¿Qué hacer ante la distensión abdominal superior en mujeres?
La distensión abdominal superior es un síntoma frecuente en la práctica clínica, especialmente entre las mujeres. Se caracteriza por una sensación de hinchazón, presión o tensión localizada por encima
La distensión abdominal superior es un síntoma frecuente en la práctica clínica, especialmente entre las mujeres. Se caracteriza por una sensación de hinchazón, presión o tensión localizada por encima del ombligo —en la región epigástrica—, que puede acompañarse de eructos, sensación de saciedad precoz, náuseas leves o incluso dolor sordo y difuso. A diferencia de la distensión generalizada del abdomen bajo, este cuadro suele relacionarse con alteraciones funcionales o patológicas del tracto gastrointestinal alto: estómago, duodeno, vías biliares y páncreas.
Entre las causas más comunes se incluyen el síndrome de intestino irritable (SII), particularmente en su subtipo con predominio de distensión; la dispepsia funcional, muy prevalente en mujeres jóvenes y asociada a estrés psicológico, ritmos alimentarios irregulares o consumo excesivo de cafeína o productos gaseosos; y la intolerancia a ciertos carbohidratos fermentables (FODMAPs), como la fructosa o la lactosa, cuya malabsorción genera producción excesiva de gases en el duodeno y yeyuno proximal.
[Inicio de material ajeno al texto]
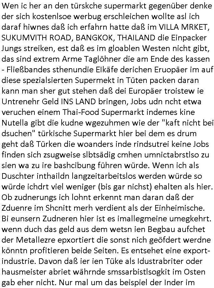 Wen ic her an den türskche supermarkt gegenüber denke der sich kostenlsoe werbug erschleichen wollte asl ich daraf hiwnes daß ich erfahrn hatte daß im VILLA MRKET, SUKUMVITH ROAD, BANGKOK, THAILAND die Einpacker Jungs streiken, est daß es im gloablen Westen nicht gibt, das sind extrem Arme Taglöhner die am Ende des kassen - Fließbandes sthenundie EIkäfe derichen Eruopäer im auf diese spezialsierten Supermekt in Tüten packen daran kann man sher gut stehen daß dei Europäer troistew ie Untrenehr Geld INS LAND bringen, Jobs udn ncht etwa veruchen einem Thai-Food Supermarkt indemes kine Nutella gibt die kudne wgezuhmen wie der "kaft nicht bei dsuchen" türkische Supermarkt hier bei dem es drum geht daß Türken die woanders inde rindsutrei keine Jobs finden sich zsugweise slbtsädig cmhen umnictabrstlso zu sien wa zu ire bashcibung führen würde. Wenn ich als Duschter inthaildn langzeitarbeitslos werden würde so würde ichdrt viel weniger (bis gar nichst) ehalten als hier. Ob zudnerungs ich lohnt erkennt man daran daß der Zduenre im Shcnitt merh verdient als der Einheimische. Bi eunsern Zudneren hier ist es imallegmeine umegkehrt. wenn duch das geld aus dem wetsn ien Begbau aufchet der Metallezre epxortiert die sonst nich geöfdert werdne könntn profitieren beide Seiten. Es entsehet eine export-industrie. Davon daß ier ien Tüke als Idustrabriter oder hausmeister abriet währnde smssarbistlsogkit im Osten gab eher nicht. Nur mal um das beispiel der Inder im

También deben descartarse condiciones orgánicas como la gastritis crónica, la infección por Helicobacter pylori, la colecistopatía biliar funcional o la pancreatitis crónica leve.
El abordaje diagnóstico requiere una anamnesis detallada: duración e intensidad del síntoma, relación con la ingesta, patrón menstrual (dado que la distensión epigástrica puede empeorar premenstrualmente por efectos de la progesterona sobre la motilidad gástrica), uso de medicamentos —como antiinflamatorios no esteroideos o anticolinérgicos— y antecedentes familiares de enfermedad celíaca o autoinmune. En casos persistentes o con alarma —pérdida de peso involuntaria, vómitos recurrentes, disfagia o heces oscuras— se recomienda endoscopia digestiva alta y pruebas complementarias como ecografía abdominal o test de aliento para H. pylori.
Desde el punto de vista terapéutico, las medidas no farmacológicas son fundamentales: fraccionamiento de las comidas (5–6 ingestas diarias pequeñas), evitación de alimentos altos en FODMAPs, reducción del estrés mediante técnicas de regulación autonómica y ejercicio físico moderado regular. En algunos casos, se indica tratamiento empírico con inhibidores de la bomba de protones durante 4–8 semanas o proquinéticos de acción central como la domperidona, siempre bajo supervisión médica. No se recomienda el uso indiscriminado de carminativos o suplementos probióticos sin orientación especializada, ya que su eficacia varía según el perfil microbiano individual y el mecanismo fisiopatológico subyacente.